## Generating Graph Embeddings

We have already consctructed our graphs. However, now we need a representation of the nodes, if we are to make meaningful comparisons between the various products that form the nodes of our graphs. We need a way to be able to 'compare' them. So, we need some embeddings to represent our nodes. In general, embeddings help us capture some kind of social relations in our graphs.

We could get these embeddings using the [DeepWalk](https://arxiv.org/pdf/1403.6652.pdf) and [Node2Vec](https://arxiv.org/pdf/1607.00653.pdf) algorithms.

We first need to generate [Random Walks](https://cse.iitkgp.ac.in/~pawang/courses/SC15/rw1.pdf) for our nodes to get their embeddings. In simple terms, Given a graph and a starting node, if we select a neighbor of it at random, and move to this neighbor, then select a neighbor of this neighbor and move to it, and continue to do so (say 50 times), the random sequence of nodes selected this way is a random walk on the graph of length 50.
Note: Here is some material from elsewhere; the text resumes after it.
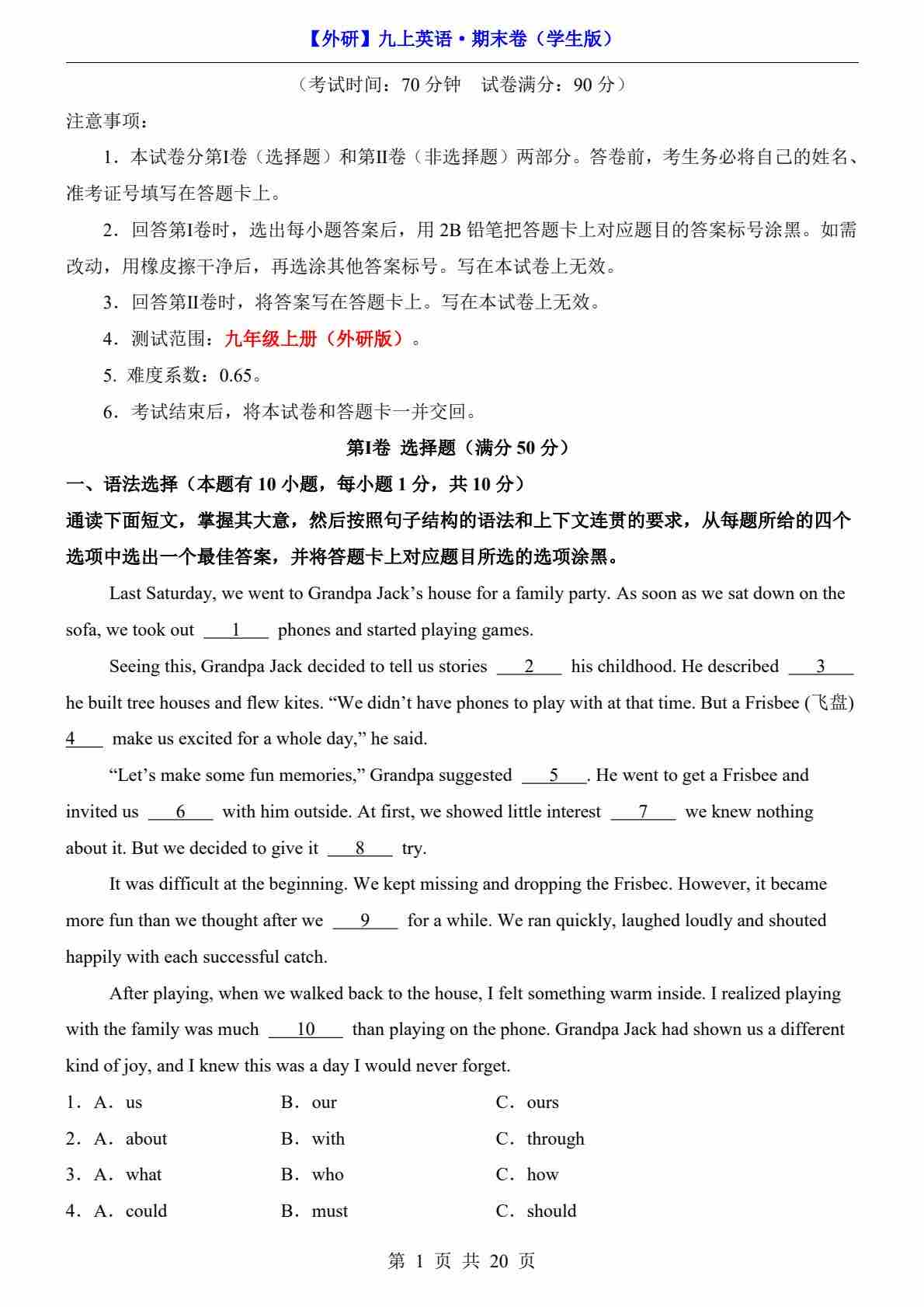 【外研】9上英语期末卷【9上全册】

We can generate such walks multiple times for each node instead of just one, since each walk could be different.

### Generating Embeddings using Deepwalk

We first generate random walks for each node (let's say each of length 50 and 10 walks per node) and after we have these random paths of nodes we will train a Word2Vec (skip-gram) model to obtain the node embeddings.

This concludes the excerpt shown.